* _Task requirements_:
Take the lines from the one with "Bright floral mini" to the end of the listing, both ends included, and quote them exactly, leaving pictures out.

* _Data provided_:
☆ ☆ ☆ ☆ ☆ ☆ ☆
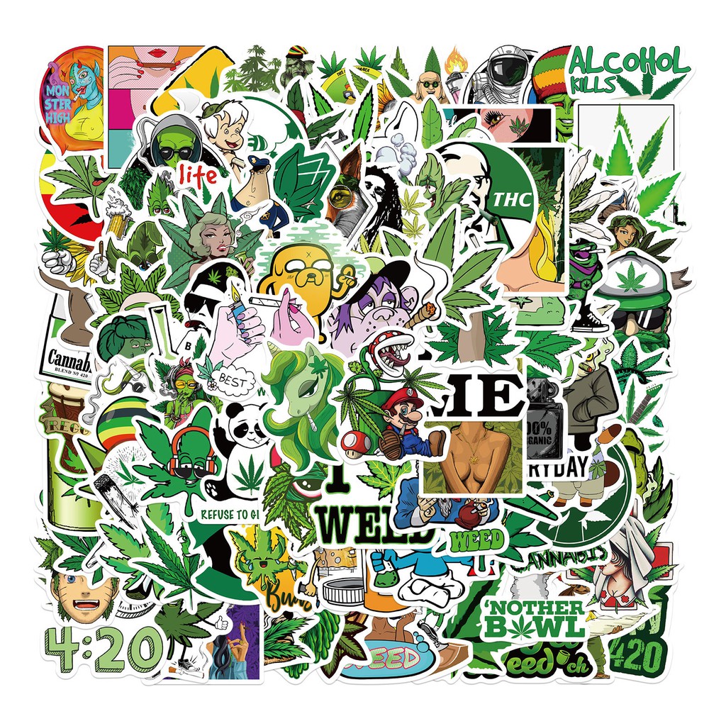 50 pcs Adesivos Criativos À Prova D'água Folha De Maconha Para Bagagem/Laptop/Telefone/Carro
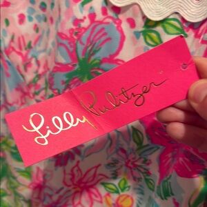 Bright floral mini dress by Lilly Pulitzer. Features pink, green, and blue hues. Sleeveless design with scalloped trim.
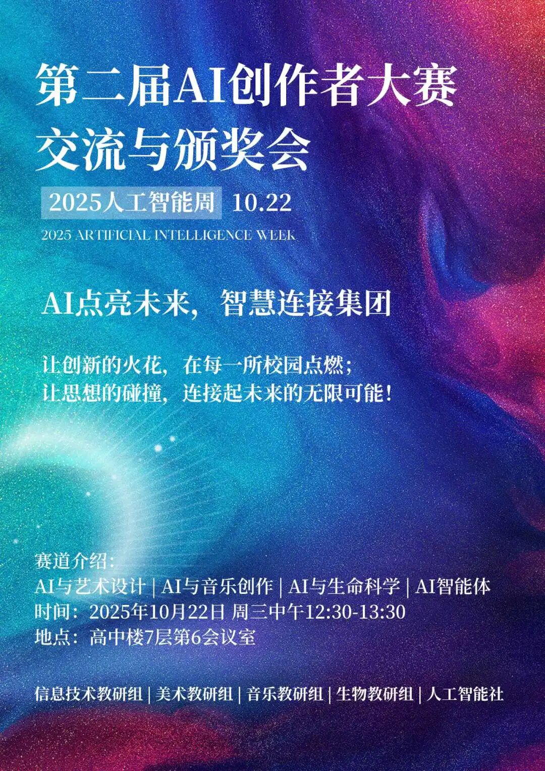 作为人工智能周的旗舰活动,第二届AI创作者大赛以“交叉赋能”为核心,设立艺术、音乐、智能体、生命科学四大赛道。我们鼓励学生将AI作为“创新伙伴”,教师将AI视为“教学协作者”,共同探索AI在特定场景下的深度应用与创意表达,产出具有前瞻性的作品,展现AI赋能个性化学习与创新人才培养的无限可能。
☆ ☆ ☆ ☆ ☆ ☆ ☆
* _Solution below_:
 Bright floral mini dress by Lilly Pulitzer. Features pink, green, and blue hues. Sleeveless design with scalloped trim.
 作为人工智能周的旗舰活动,第二届AI创作者大赛以“交叉赋能”为核心,设立艺术、音乐、智能体、生命科学四大赛道。我们鼓励学生将AI作为“创新伙伴”,教师将AI视为“教学协作者”,共同探索AI在特定场景下的深度应用与创意表达,产出具有前瞻性的作品,展现AI赋能个性化学习与创新人才培养的无限可能。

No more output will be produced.